> _Brief_
The answer should hold only the lines from the beginning of the material through the one with "本校吹奏楽部が、南部市場で開", reproduced exactly and without pictures.

> _Given data_
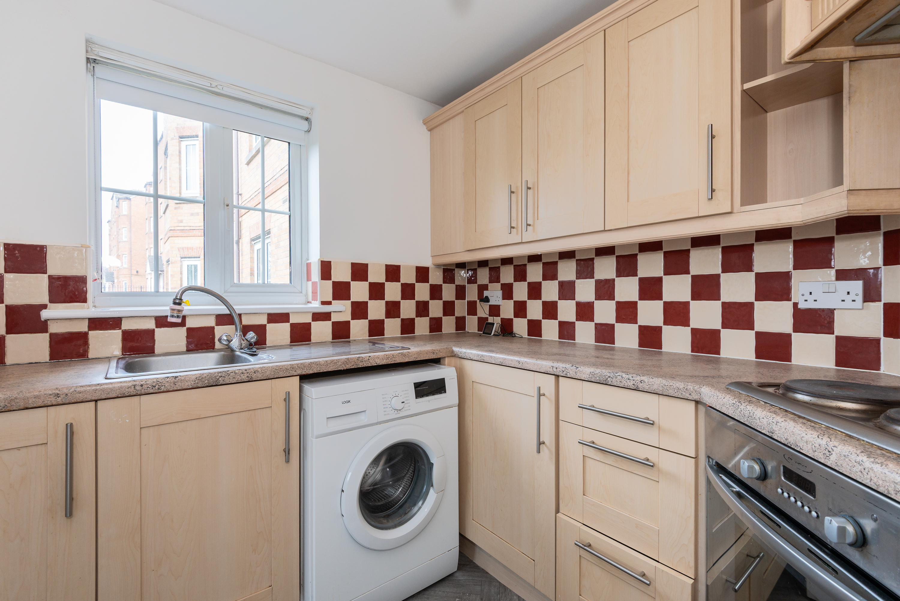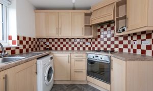 With laminate flooring, kitchen units, integrated oven, hob and extractor, stainless steel sink and tap, tiled splashback, plumbing for washing machine, and window.
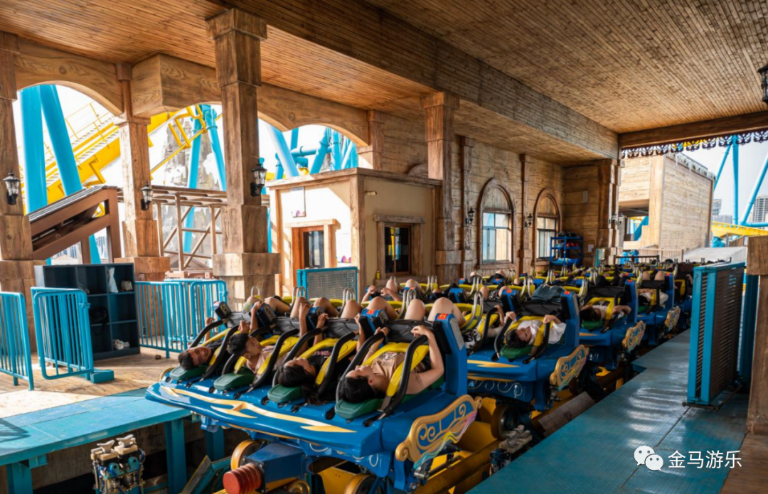 與其他飛行過山車不同,金馬飛行過山車在站臺(tái)區(qū)車體位于軌道上方,配合水平面上下客平臺(tái),改善了乘客臥姿上下的不適與不便,有效提升舒適度與運(yùn)營(yíng)效率,理論客流量達(dá)1440PPH。
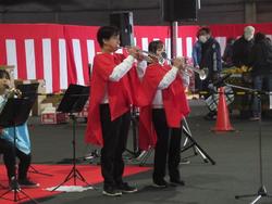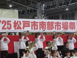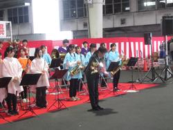 本校吹奏楽部が、南部市場で開催された『南部市場まつり』に招待され、演奏を披露しました。朝10時からの演奏で、小雨の中でしたがたくさんの来場者の方が鑑賞し、大きな拍手をいただきました。
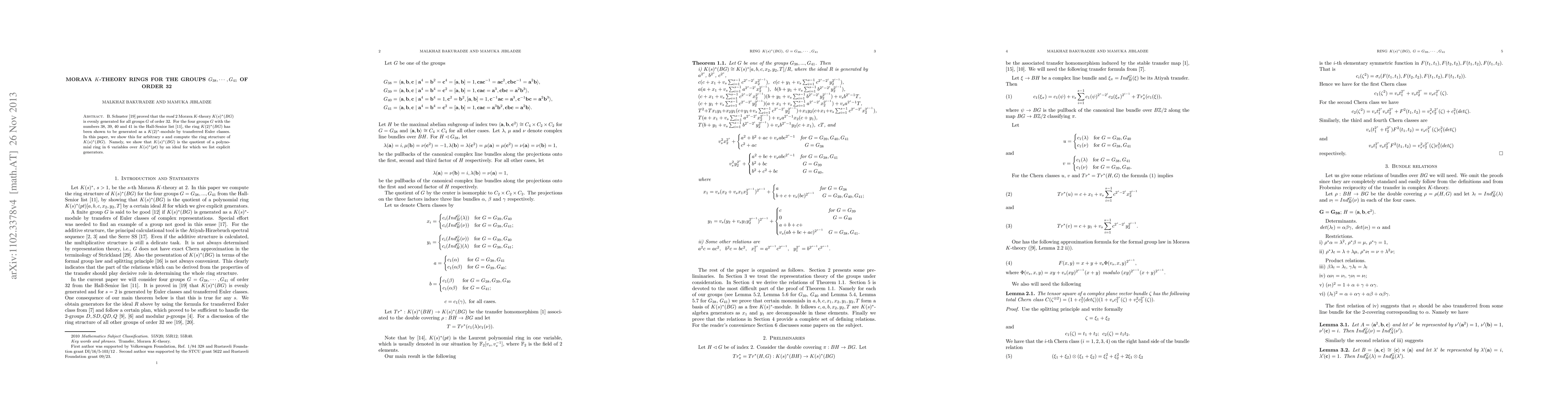 B. Schuster \cite{SCH1} proved that the $mod$ 2 Morava $K$-theory $K(s)^*(BG)$ is evenly generated for all groups $G$ of order 32. For the four groups $G$ with the numbers 38, 39, 40 and 41 in the Hall-Senior list \cite{H}, the ring $K(2)^*(BG)$ has been shown to be generated as a $K(2)^*$-module by transferred Euler classes. In this paper, we show this for arbitrary $s$ and compute the ring structure of $K(s)^*(BG)$. Namely, we show that $K(s)^*(BG)$ is the quotient of a polynomial ring in 6 variables over $K(s)^*(pt)$ by an ideal for which we list explicit generators.

> _Completed exercise_
 With laminate flooring, kitchen units, integrated oven, hob and extractor, stainless steel sink and tap, tiled splashback, plumbing for washing machine, and window.
 與其他飛行過山車不同,金馬飛行過山車在站臺(tái)區(qū)車體位于軌道上方,配合水平面上下客平臺(tái),改善了乘客臥姿上下的不適與不便,有效提升舒適度與運(yùn)營(yíng)效率,理論客流量達(dá)1440PPH。
 本校吹奏楽部が、南部市場で開催された『南部市場まつり』に招待され、演奏を披露しました。朝10時からの演奏で、小雨の中でしたがたくさんの来場者の方が鑑賞し、大きな拍手をいただきました。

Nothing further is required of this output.